Settings that use GLOBs

These settings are all lists of GLOBs. All may be global, local, or versioned. Use fossil settings to manage global and local settings, or file in the repository's .fossil-settings/ folder named for each for versioned setting.

Commands that refer to GLOBs

Many of the commands that respect the settings containing GLOBs have options to override some or all of the settings.

The commands tarball and zip produce compressed archives of a specific checkin. They may be further restricted by options that specify GLOBs that name files to include or exclude rather than taking the entire checkin.

The commands http, cgi, server, and ui that implement or support with web servers provide a mechanism to name some files to serve with static content where a list of GLOBs specifies what content may be served.

Web pages that refer to GLOBs

The /timeline page supports a query parameter that names a GLOB of files to focus the timeline on. It also can use GLOB, LIKE, or REGEXP matching on tag names, where each is implemented by the corresponding operator in SQLite.

The pages /tarball and /zip generate compressed archives of a specific checkin. They may be further restricted by query parameters that specify GLOBs that name files to include or exclude rather than taking the entire checkin.

Platform quirks

The versioned settings files have no platform-specific quirks. Any GLOBs that matter to your workflow belong there where they can be safely edited.

Similarly, settings made through the Web UI are platform independent.

GLOBs at the command prompt, however, may need to be protected from the quirks of the particular shell program you use to type the command.

The GLOB language is based on common features of Unix (and Linux) shells. In some cases, this will cause confusion if the shell expands the GLOB in a way that is similar to what fossil would have done.

When in doubt, the fossil test-glob command can be used to see what fossil saw and what it chose to do. The fossil test-echo command is also handy: it shows exactly what arguments fossil received.

Windows

Various versions of Windows (a phrase that covers more than just Window 7 vs Windows 10 because the actual content of MSVCRT.DLL, other DLLs, and even the specific compiler used to build fossil.exe can change the behavior) have subtle differences in how quoting works.

Even without subtle version changes, there are also differences between the interactive command prompt and .BAT or .CMD files.
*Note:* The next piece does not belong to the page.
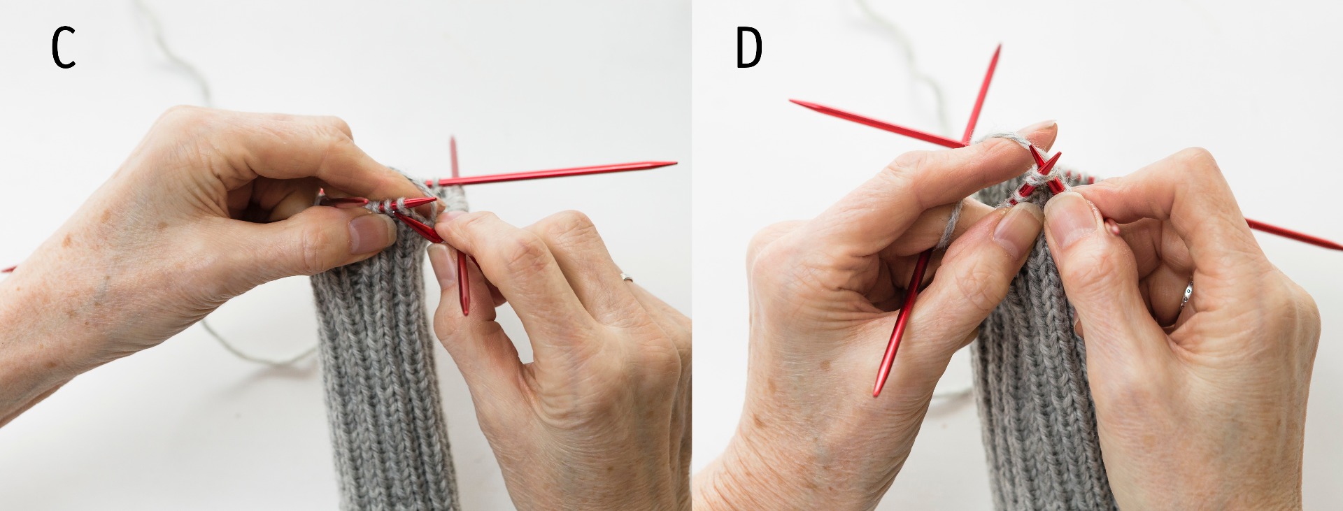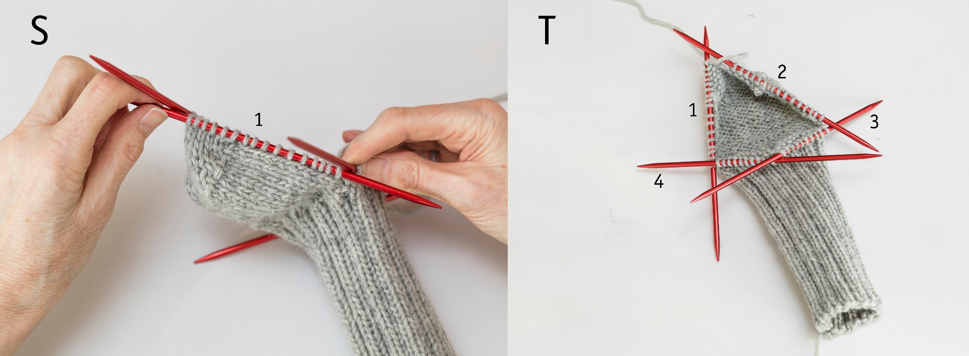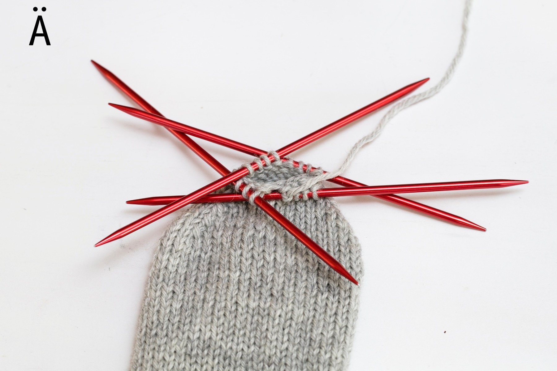 Fördela maskorna över 4 strumpstickor så det finns [12] m på varje sticka. Börja sticka med den femte strumpstickan som på bilden, så du sluter till en ring och stickar runt. Se till att maskorna inte vrider sig när du börjar.

The typical problem is figuring out how to get a GLOB passed on the command line into fossil.exe without it being expanded by either the shell (CMD never expands globs so that part is trivial) or by the C runtime startup (which tries hard to expand globs to act like Unix). A typical example is figuring out how to set crlf-glob to *.

One approach is

echo * | fossil setting crlf-glob --args -

which works because the built-in command echo does not expand its arguments, and the global option --args reads from - which is replaced by standard input pipe from the echo command.

Another approach is

fossil setting crlf-glob *,

which, despite including the extra comma in the stored setting value, has the desired effect. The empty GLOB after the comma matches no files at all, which has no effect since the * matches them all.

Similarly,

fossil setting crlf-glob '*'

also works. Here the single quotes are unneeded since no white space is mentioned in the pattern, but do no harm. The GLOB still matches all the files.

Implementation

Most of the implementation of GLOB handling is found in src/glob.c.

The actual matching is implemented in SQL, so the documentation for GLOB and the other string matching operators in SQLite is useful.